Royal Navy Deploys Two OPVs for Five Years to No Base in Particular

We have deployed cutters to the Western Pacific for months at a time, and PATFORSWA kept its 110s operating out of Bahrain for years, but the Royal Navy seems to be doing something different and I believe remarkable.

Naval News reports they are sending a pair of River Batch II class ships, HMS Tamar and HMS Spey, well beyond the Suez. It sounds all very 18th Century Star Trek, “Our Five Year Mission, Proceed into the Indian and Pacific Oceans and act in the Queen’s Interests.” (No, not a real quote.)

If these ships were in the US Coast Guard we would see them as MECs. They are slightly larger and faster than the 270s, but are not as well equipped in some respects. They are armed only with a 30mm gun and no helicopter hangar. I don’t believe they have any ESM/ECM. Their crew is also considerably smaller, smaller in fact than that of a 210. (I have seen various numbers for the crew size, 34 in the infographic above, 58 in Wikipedia, 46 as reported below, but all well below the 75 common on a 210 or the 100 typical of a 270.)

“Each ship is crewed by 46 sailors, with half the crew trading places with shipmates from the UK every few weeks.”

The Royal Navy actually has considerable experience keeping OPVs deployed for long periods with austere support.

We might even see one of these helping with drug interdiction in the Eastern Pacific, more likely they will be countering piracy and drug or arms trafficing in the Indian Ocean or capacity building in East Africa or SE Asia. Maybe we could make a multi-national Freedom of Navigation transit of the Taiwan Strait.

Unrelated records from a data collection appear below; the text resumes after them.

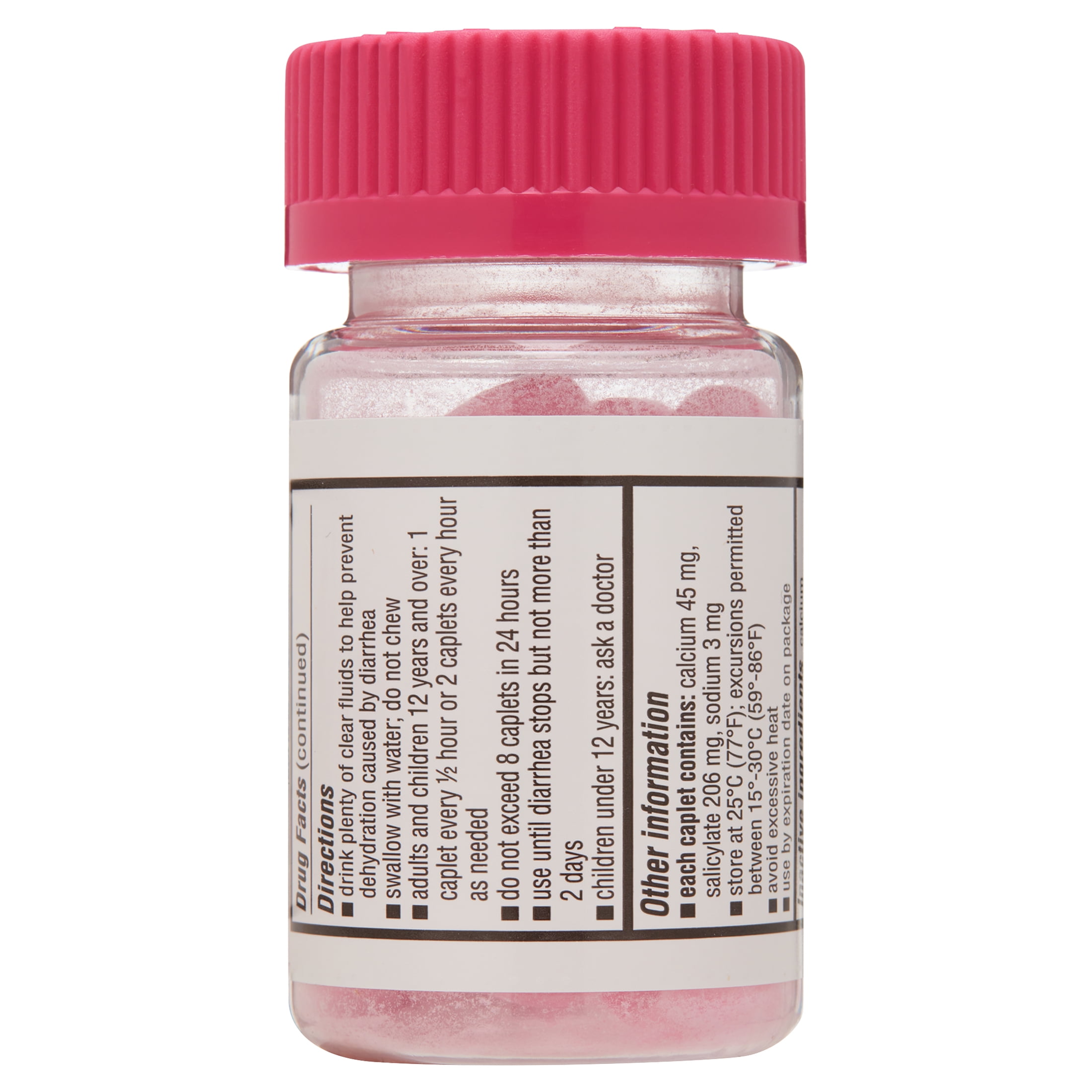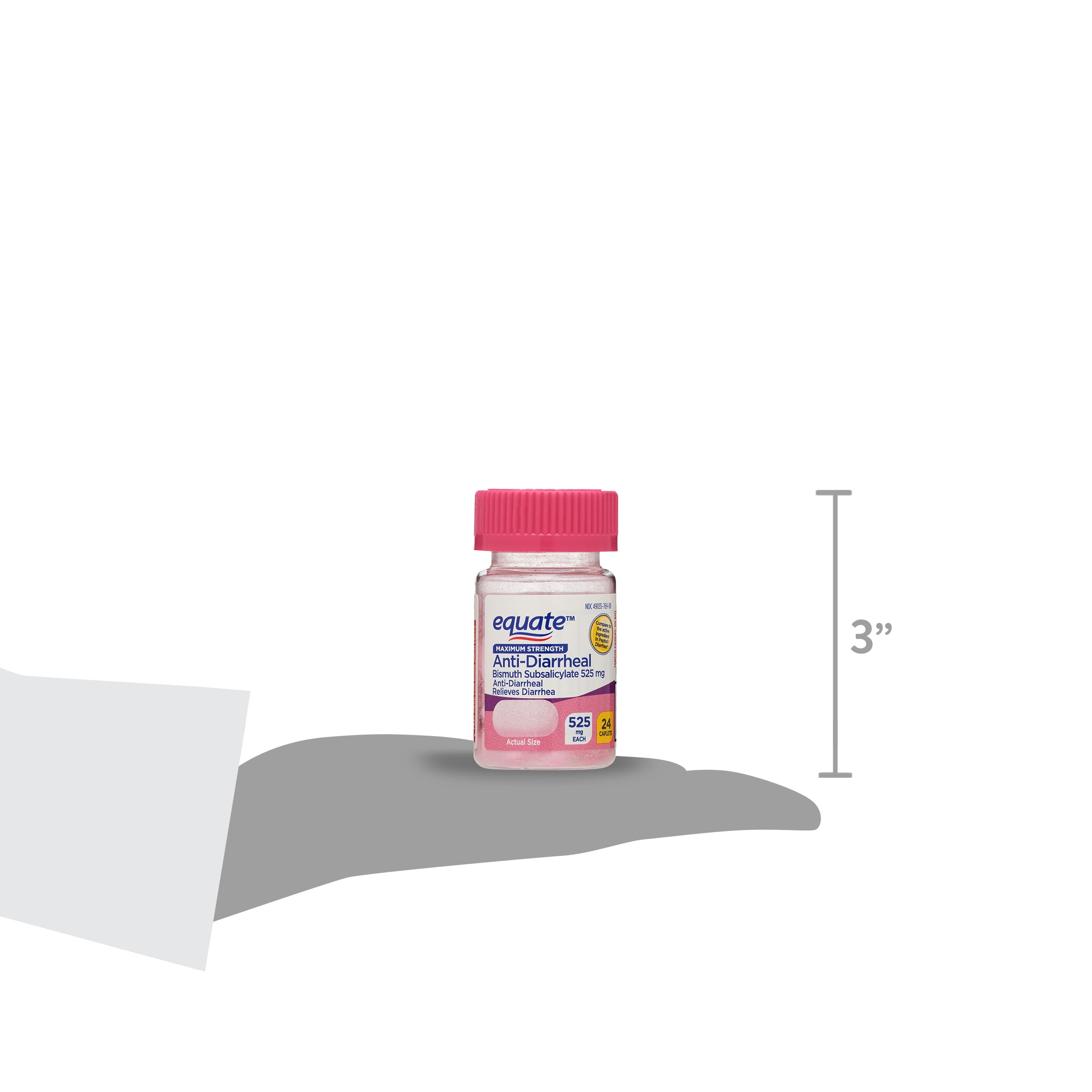 Whatever your stomach troubles may be, Equate Maximum Strength Anti-Diarrheal Relief Caplets with bismuth subsalicylate have got you covered. Each caplet contains 525 milligrams of bismuth subsalicylate, the same active ingredient found in Pepto-Bismol and other upset stomach relievers and anti-diarrheal. Keep these tablets handy for emergency stomach relief and get the comfort you need. Be prepared with Equate Maximum Strength Anti-Diarrheal Relief Caplets.
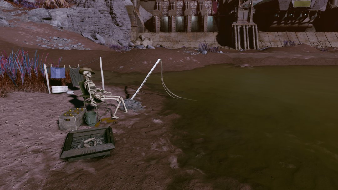 主線大壩邊上這個釣魚佬的骨架,着實讓人想起了很多《輻射》中的有趣佈置
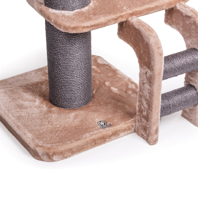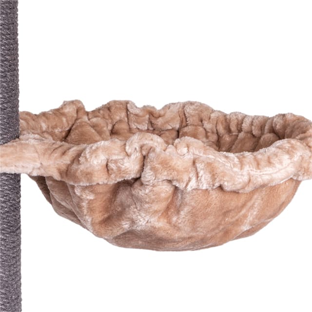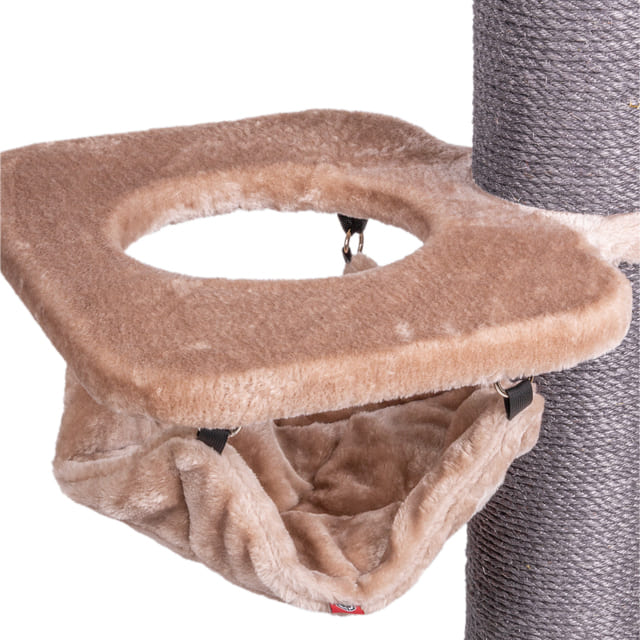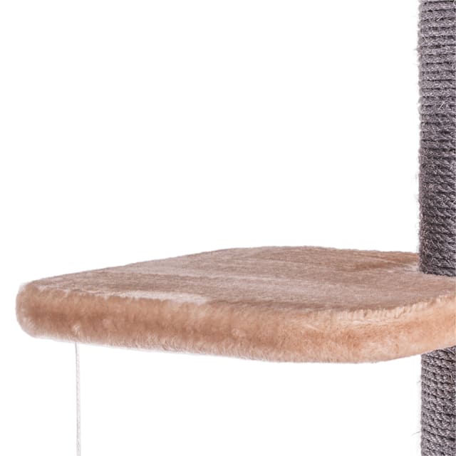"Paris" is not only a high scratching post, but also a cosy retreat and an adventure playground all in one. The soft and cosy mat offers the perfect place to rest and sleep. The comfortable lounger on one of the highest levels allows your cat to watch the action from above. For playful moments, a small platform is equipped with a play ball to encourage your cat to play actively.

23 thoughts on “Royal Navy Deploys Two OPVs for Five Years to No Base in Particular

  1. This will be logistically daunting but I think the RN knows HOW to do it. I think the USN has made many bad ship design decisions when it comes to endurance.Β  The “RTB assumption” is basically foolish

    It also reminds me of a former CNO’s call for Station Ships from our allies. The USN of course has nothing less than a DDG with decent good endurance.

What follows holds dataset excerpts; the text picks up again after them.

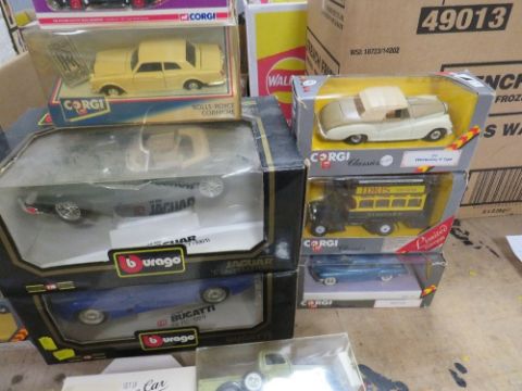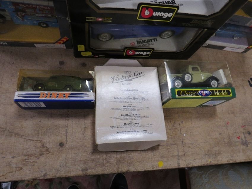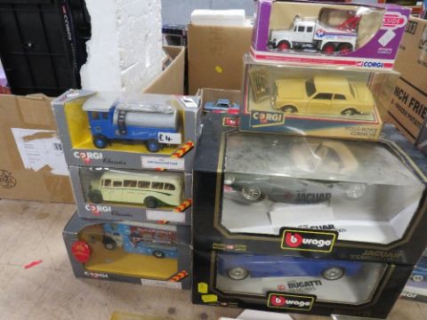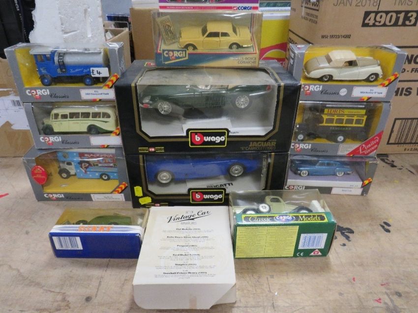 TWO BOXED BURAGO 1:18 SCALE CARS, 1991 Bugatti and 1961 Jaguar, both boxes A/F, six boxed Corgi Classic vehicles, boxed Corgi Rolls Royce corniche, boxed Corgi Trackside BRS wrecker etc
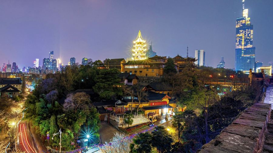 鸡鸣寺也叫古鸡鸣寺,北临玄武湖,始建于西晋,是南京较为古老的佛寺之一。清明时在寺前道路可观赏樱花花海,夏季登上药师佛塔可眺望玄武湖的荷花。
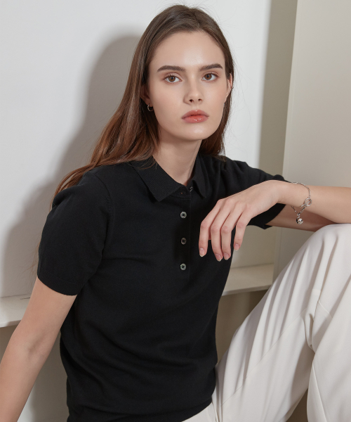 린넨 블렌디드 반팔 카라니트_블랙
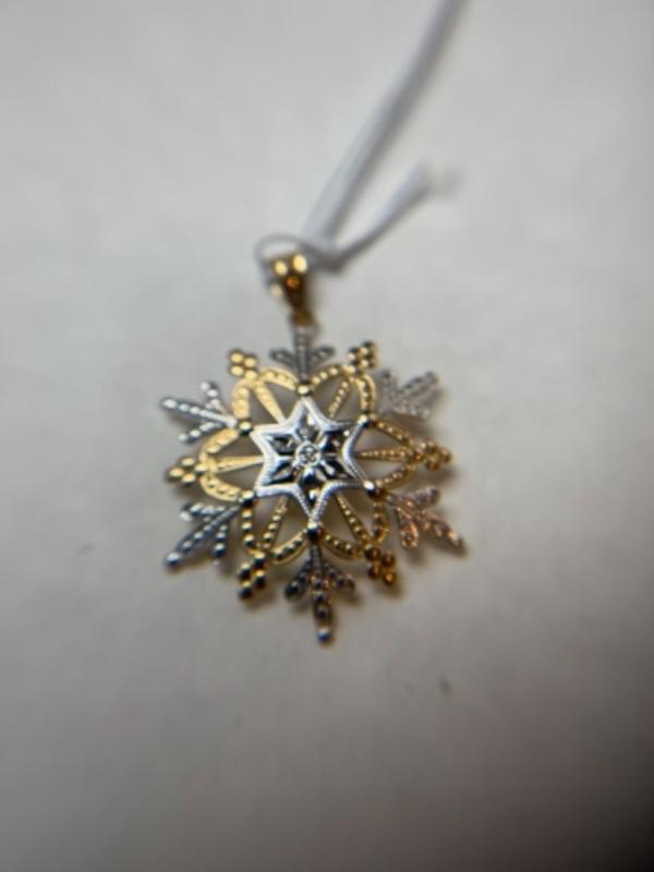 K615 14k Yellow and White Gold Large Snowflake Pendant
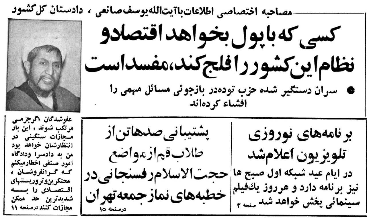 حضرت آیةالله العظمی صانعی رضوانالله تعالی علیه در مقام دادستان کلّ کشور طی مصاحبه ای با روزنامه اطلاعات در خصوص گرانفروشان و محتکرین، سران دستگیر شده حزب توده، شورایعالی قضائی، قاچاق کالا و ارز و .... مطالب مهمّی بیان کردند که ذیلاً ملاحظه مینمائید.
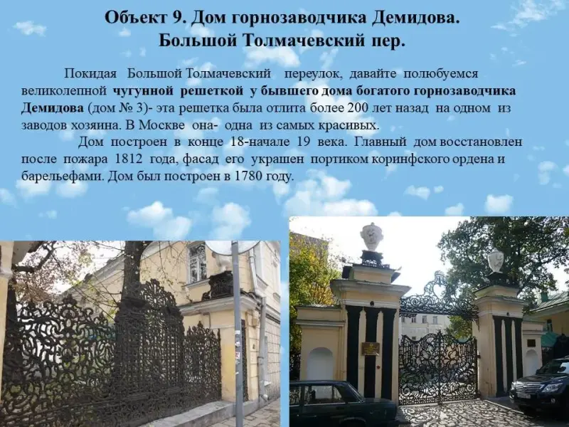 Покидая Большой Толмачевский переулок, давайте полюбуемся великолепной чугунной решеткой у бывшего дома богатого горнозаводчика Демидова (дом № 3) - эта решетка была отлита более 200 лет назад на одном из заводов хозяина. В Москве она - одна из самых красивых.
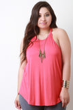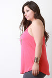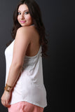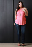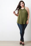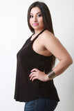 This plus size top features soft jersey knit round neckline, racer back, and relaxed fit. Accessories sold separately. Made in U.S.A. 95% Rayon, 5% Spandex.
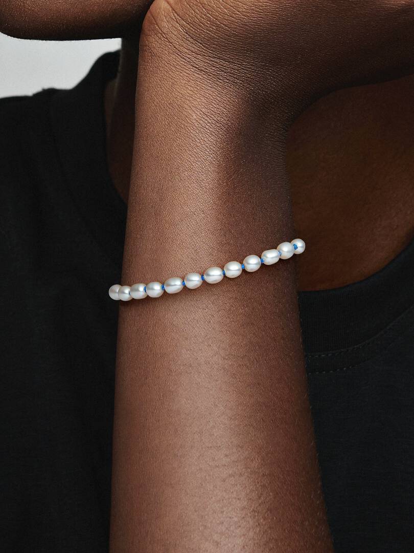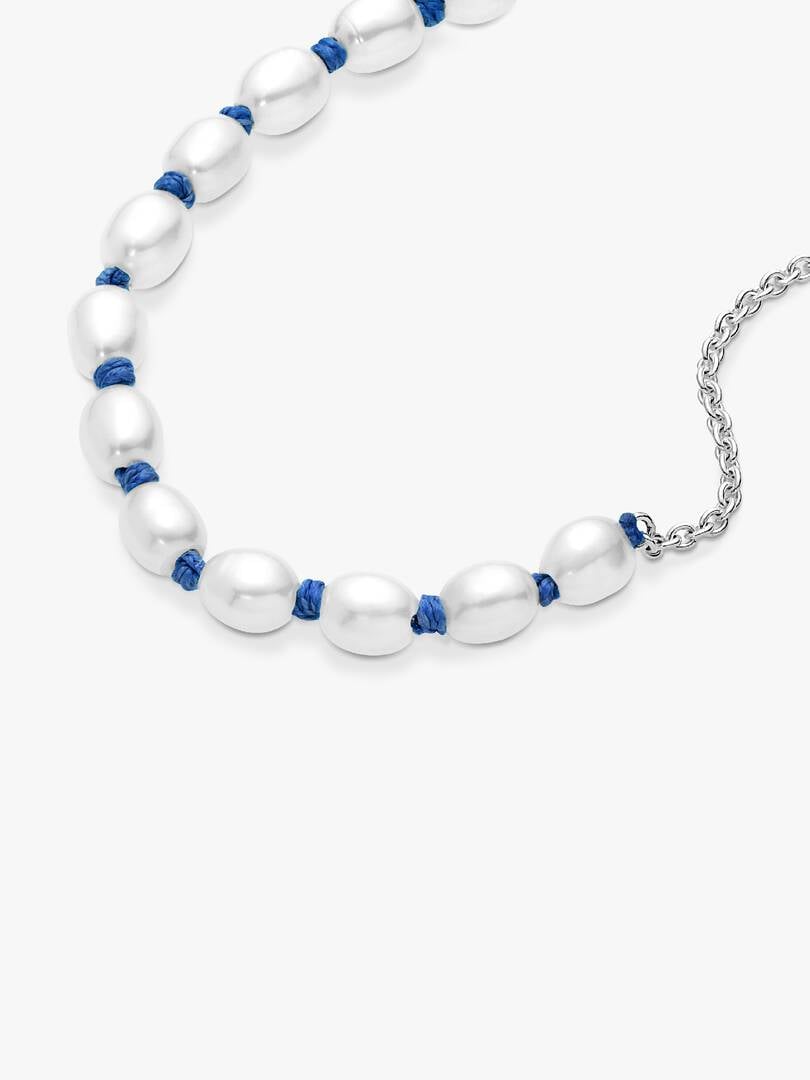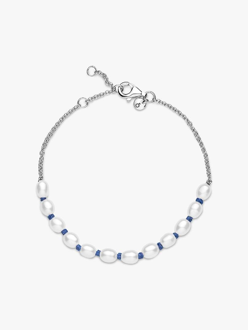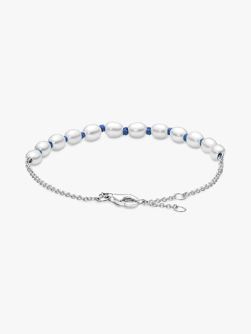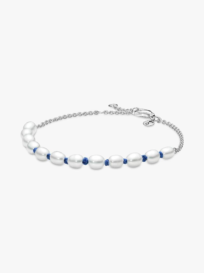 FINAL SALE – Treated Freshwater Cultured Pearl Blue Cord Chain Bracelet | Sterling silver

  2. I like the idea of using local ports as lillypads to hop to one after another. BAE will provide logistics, sending people and equipment to a designated destination as determined. I’d love to see the OPC deployed like this in the Western Pacific.

    • The US does have bases in the Indo-Pacific. The Royal Navy not so much, so they are making a virtue out of necessity and using allied bases.

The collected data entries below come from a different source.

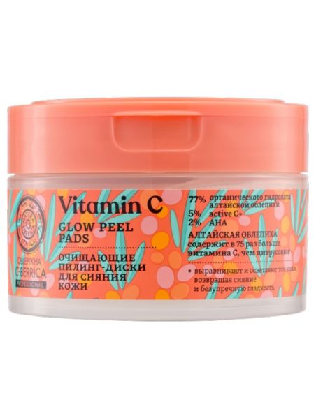 ОЧИЩАЮЩИЕ ПИЛИНГ-ДИСКИ ДЛЯ СИЯНИЯ КОЖИ мгновенно преображают, создавая эффект безупречно гладкой и светящейся изнутри кожи! Нежно очищают, восстанавливая естественный pH кожи, обладают легким пилинг-эффектом, выравнивая тон и текстуру, освежая цвет лица. Органический гидролат алтайской облепихи благодаря высокому содержанию витамина С, ускоряет процессы восстановления, способствует удержанию влаги в коже, возвращая ей упругость и эластичность. Активная форма витамина С «Active C+» подходит даже для чувствительной кожи, отлично воздействуя на верхние слои, защищая от УФ-излучения. АHA-кислоты нормализуют pH кожи и работу сальных желез, отлично отшелушивают, помогают уменьшить гиперпигментацию, улучшая цвет лица.
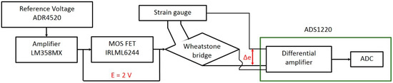 The block diagram for the strain gauge circuit is shown in Figure 7. The ADR4520 voltage regulator (Analog Devices, Norwood, MA, USA) was used to convert the 5 V power supply from battery to 2 V input voltage for the strain gauge. The low noise (0.1 Hz to 10 Hz) and wide operating temperature (−40 to 125 °C) were the reasons for selecting ADR4520. The LM358-N (Texas Instruments, Dallas, TX, USA) operational amplifier was used to provide high input impedance. The reason for the high input impedance was to minimize the drop in the voltage input. The LM358-N was selected due to its proven flight heritage in the Shinen-2 project. An IRLML6244 MOSFET (Infineon Technologies, Neubiberg, Germany) was used to provide a switching circuit. The varying temperature in LEO can also affect the resistance of the lead wire. The 3-lead wire strain gauge was selected for self-temperature compensation. The minute change in resistance was converted by the Wheatstone quarter bridge to voltage change, ∆e0. The ADS1220 (Texas Instruments, Dallas, TX, USA), a 24-bit analogue-to-digital converter (ADC) was used to amplify the value of ∆e0 which was in the μV range. Each of the 2-element strain gauges was connected to two ADC with one ADC for each gauge element.
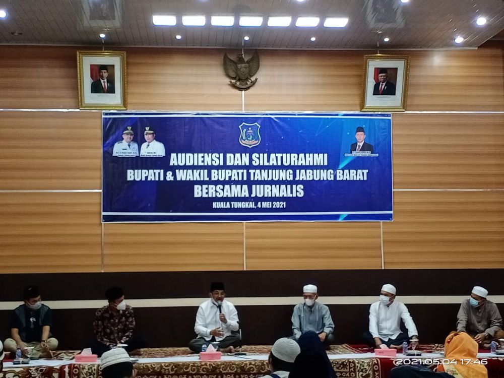 JAMBIUPDATE.CO, KUALATUNGKAL - Bupati Tanjung Jabung Barat, Drs. H. Anwar Sadat M.Ag sangat mengapresiasi kinerja teman teman jurnalis yang berkerja di daerah Kanupaten Tanjung Jabung Barat. Hal tersebut diungkapkan Bupati ketika menggelar acara audiensi dan silaturahmi Bupati dan Wakil Bupati Tanjung Jabung Barat bersama jurnalis.

      They have some mine warfare ships stationed in the Persian Gulf, Bahrain I believe.

      Diego Garcia is really British but leased to the US. Naturally, they will be welcomed at any US, Australian, New Zealand, or Japanese base. Probably Singapore, India, and the Philippines as well.

      UK territory in the Pacific and Indian Oceans is very limited

      • House of Commons Library has this:
        “The UK Naval Support Facility in Bahrain is the main naval facility in the Persian Gulf for UK naval vessels. Four mine-counter measure vessels and one Type 23 frigate are permanently based there. These are supported by a Royal Fleet Auxiliary vessel. A new permanent Joint Logistics Support Base in Oman, opened in 2018, provides a permanent maritime base outside the Persian Gulf. It will support the new aircraft carriers when they are in the Indian Ocean/Persian Gulf.”

      • Bahrain and Singapore both have permanent UK naval bases, on the small side but fine for destroyers and smaller. Duqm, Oman is also getting one.

    • I also found this:
      “Once completed, the UK Joint Logistics Support Base, a multi-million pound joint venture between British defence company Babcock International and the Oman Drydock Company, will provide the UK a permanent training facility in addition to a key military logistics centre in the Gulf. It will also be connected to other Gulf countries by the Gulf Rail Project.”

  3. The Royal Navy uses a “third watch” system for its OPVs. Two watches run ths ship while one is home for leave or training. When it’s time to switch, they fly by commercial airline to wherever the ship is and one of the deployed watches heads home.

    While they may have about 65 people in total they run day to day on about 40. It gets more complicated by the fact that the Batch 2 River Class ships are designed with accommodations for up to 50 extra people. It’s apparently an attempt to keep the design flexible for use by anyone from special operations forces to a trade delegation.